About this task
Exactly and only the lines below from the one containing "Самостоятельное рисование детей" down to the one containing "Vue de la passerelle" are wanted, both included; please exclude every picture.

Stored items from a collection
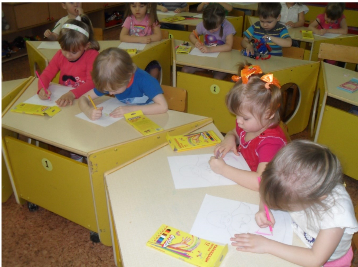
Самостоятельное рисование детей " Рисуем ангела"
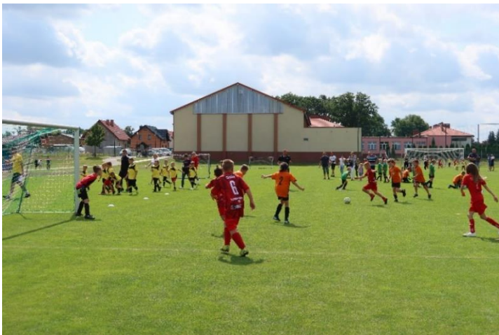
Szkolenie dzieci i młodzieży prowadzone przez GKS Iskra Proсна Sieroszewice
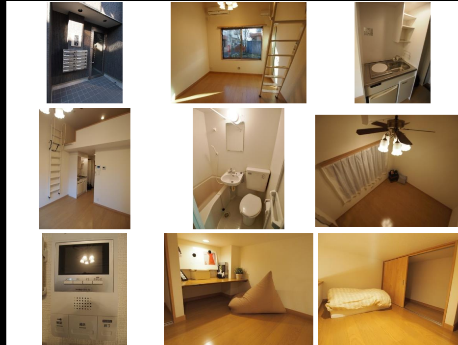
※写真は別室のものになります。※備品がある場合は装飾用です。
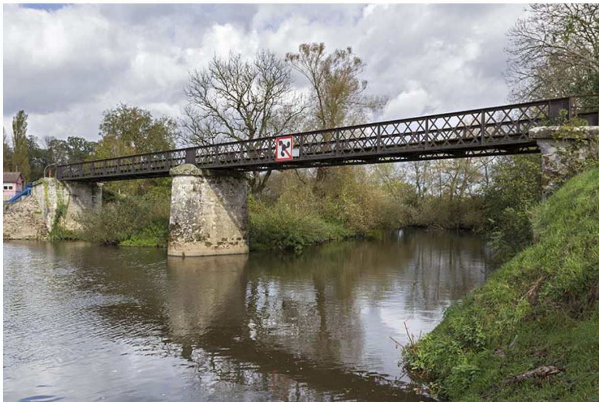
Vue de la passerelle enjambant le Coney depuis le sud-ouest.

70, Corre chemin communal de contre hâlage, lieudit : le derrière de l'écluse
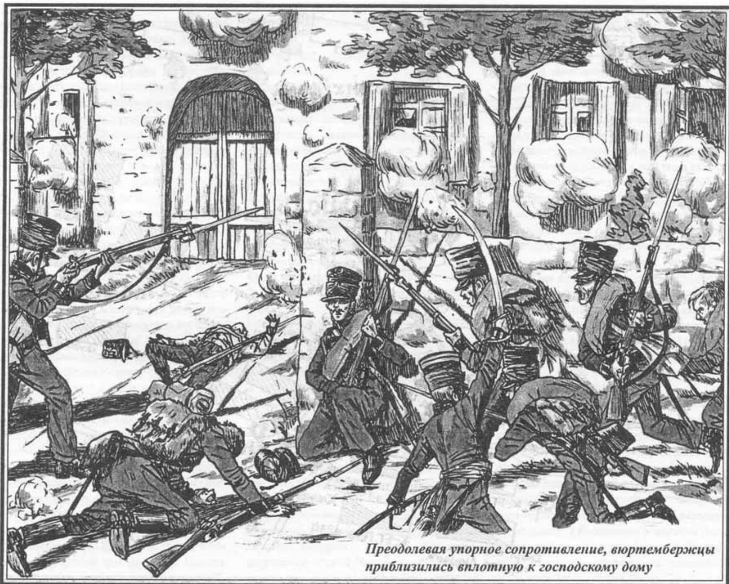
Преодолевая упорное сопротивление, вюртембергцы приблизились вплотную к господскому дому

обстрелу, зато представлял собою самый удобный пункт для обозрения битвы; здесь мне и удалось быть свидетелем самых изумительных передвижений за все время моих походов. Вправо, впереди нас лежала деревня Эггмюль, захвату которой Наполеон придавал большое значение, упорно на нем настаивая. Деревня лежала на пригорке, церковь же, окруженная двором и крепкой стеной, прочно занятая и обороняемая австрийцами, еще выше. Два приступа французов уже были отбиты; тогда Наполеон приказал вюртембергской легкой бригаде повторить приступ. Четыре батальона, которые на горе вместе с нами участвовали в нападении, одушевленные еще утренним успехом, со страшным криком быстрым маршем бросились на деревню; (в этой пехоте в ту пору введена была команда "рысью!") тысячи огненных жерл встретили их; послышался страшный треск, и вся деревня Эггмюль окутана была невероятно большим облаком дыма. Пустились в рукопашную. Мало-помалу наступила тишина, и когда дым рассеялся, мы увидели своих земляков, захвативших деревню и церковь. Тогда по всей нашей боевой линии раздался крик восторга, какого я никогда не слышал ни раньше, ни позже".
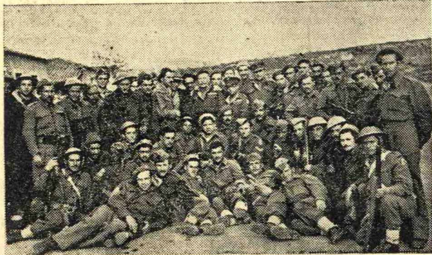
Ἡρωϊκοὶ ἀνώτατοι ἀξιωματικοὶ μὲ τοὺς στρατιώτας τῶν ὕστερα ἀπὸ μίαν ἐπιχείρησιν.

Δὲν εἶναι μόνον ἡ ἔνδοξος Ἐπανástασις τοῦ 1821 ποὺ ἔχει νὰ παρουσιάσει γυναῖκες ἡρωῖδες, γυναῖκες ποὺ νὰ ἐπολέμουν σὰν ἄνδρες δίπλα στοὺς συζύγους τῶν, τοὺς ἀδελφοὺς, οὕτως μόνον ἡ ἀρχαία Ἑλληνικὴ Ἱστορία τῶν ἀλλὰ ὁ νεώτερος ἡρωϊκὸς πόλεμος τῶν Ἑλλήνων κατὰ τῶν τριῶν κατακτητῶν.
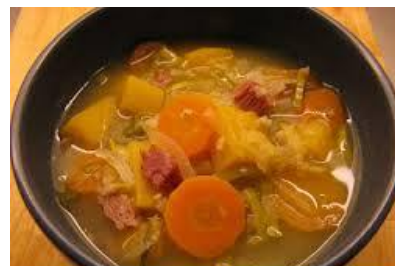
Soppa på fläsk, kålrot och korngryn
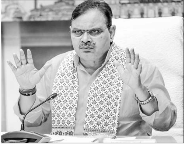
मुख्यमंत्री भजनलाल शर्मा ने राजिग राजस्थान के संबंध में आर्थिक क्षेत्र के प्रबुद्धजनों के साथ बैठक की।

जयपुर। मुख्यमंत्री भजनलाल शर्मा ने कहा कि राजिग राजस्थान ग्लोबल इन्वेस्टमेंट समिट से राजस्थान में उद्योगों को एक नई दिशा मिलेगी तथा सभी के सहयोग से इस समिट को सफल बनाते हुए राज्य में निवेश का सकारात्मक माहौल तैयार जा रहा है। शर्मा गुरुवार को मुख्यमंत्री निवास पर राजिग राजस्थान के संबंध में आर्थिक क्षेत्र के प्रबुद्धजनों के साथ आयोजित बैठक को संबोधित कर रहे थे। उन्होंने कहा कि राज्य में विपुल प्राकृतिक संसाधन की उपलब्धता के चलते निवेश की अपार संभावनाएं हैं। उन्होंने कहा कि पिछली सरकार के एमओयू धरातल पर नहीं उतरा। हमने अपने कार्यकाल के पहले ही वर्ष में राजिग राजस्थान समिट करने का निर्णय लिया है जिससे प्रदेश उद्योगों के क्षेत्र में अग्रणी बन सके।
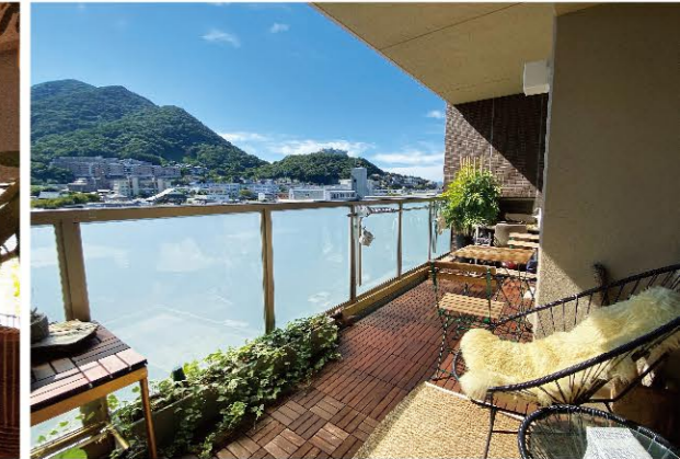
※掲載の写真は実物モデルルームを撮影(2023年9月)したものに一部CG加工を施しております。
--
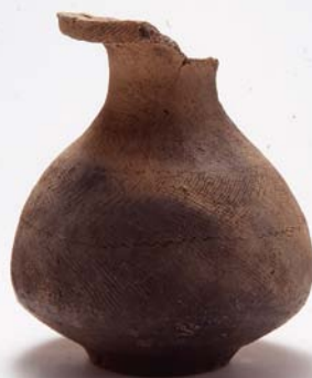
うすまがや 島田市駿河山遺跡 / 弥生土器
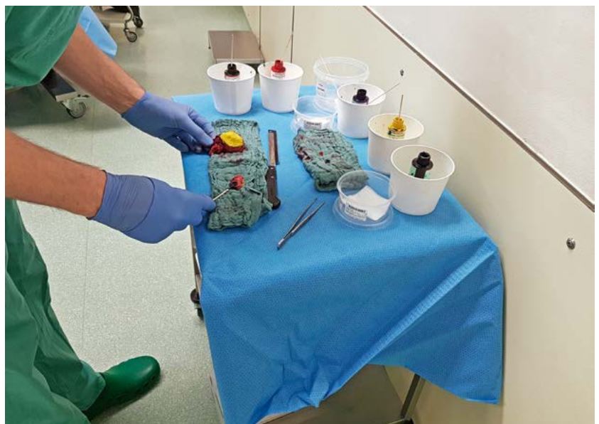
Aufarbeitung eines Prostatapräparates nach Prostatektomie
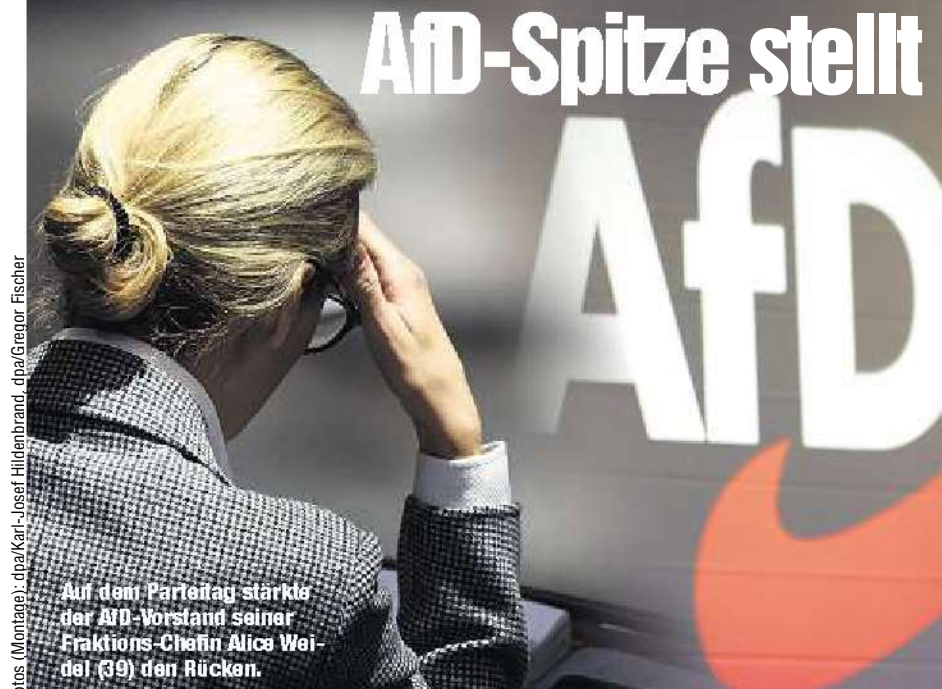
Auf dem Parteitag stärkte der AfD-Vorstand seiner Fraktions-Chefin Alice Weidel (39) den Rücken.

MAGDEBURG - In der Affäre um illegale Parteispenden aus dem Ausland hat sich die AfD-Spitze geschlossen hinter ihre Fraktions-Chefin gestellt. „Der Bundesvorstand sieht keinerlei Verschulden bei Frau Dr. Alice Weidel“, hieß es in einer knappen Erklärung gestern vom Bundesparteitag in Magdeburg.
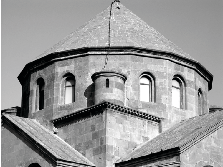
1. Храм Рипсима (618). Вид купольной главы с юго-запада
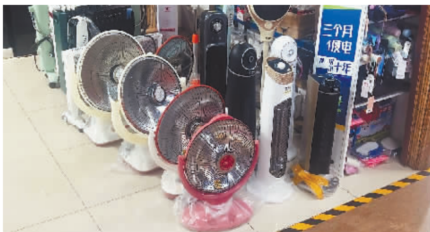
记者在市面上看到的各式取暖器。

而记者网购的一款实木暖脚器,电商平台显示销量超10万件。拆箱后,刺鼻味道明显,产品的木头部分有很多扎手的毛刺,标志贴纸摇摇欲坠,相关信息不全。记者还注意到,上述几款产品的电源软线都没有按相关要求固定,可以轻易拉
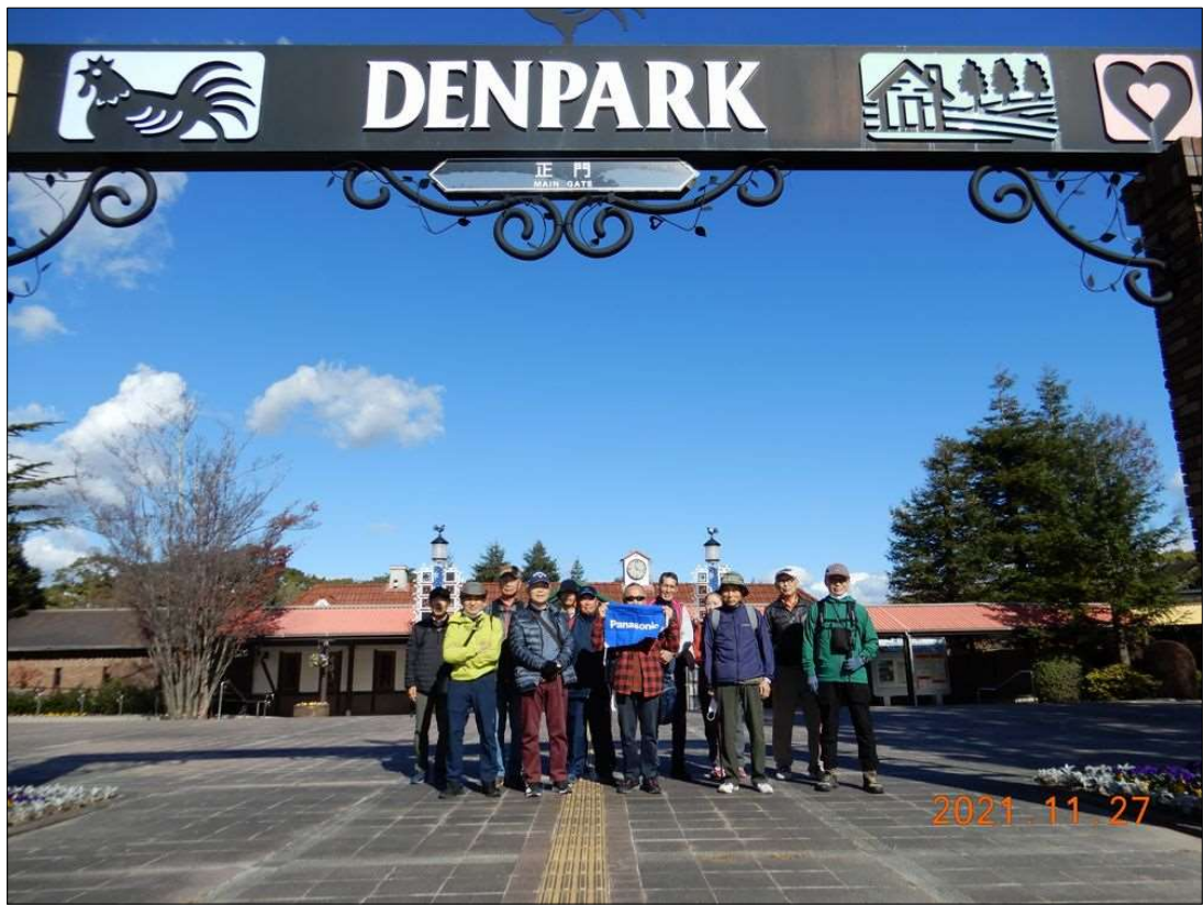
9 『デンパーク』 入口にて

Reply to the task
Самостоятельное рисование детей " Рисуем ангела"
Szkolenie dzieci i młodzieży prowadzone przez GKS Iskra Proсна Sieroszewice
※写真は別室のものになります。※備品がある場合は装飾用です。
Vue de la passerelle enjambant le Coney depuis le sud-ouest.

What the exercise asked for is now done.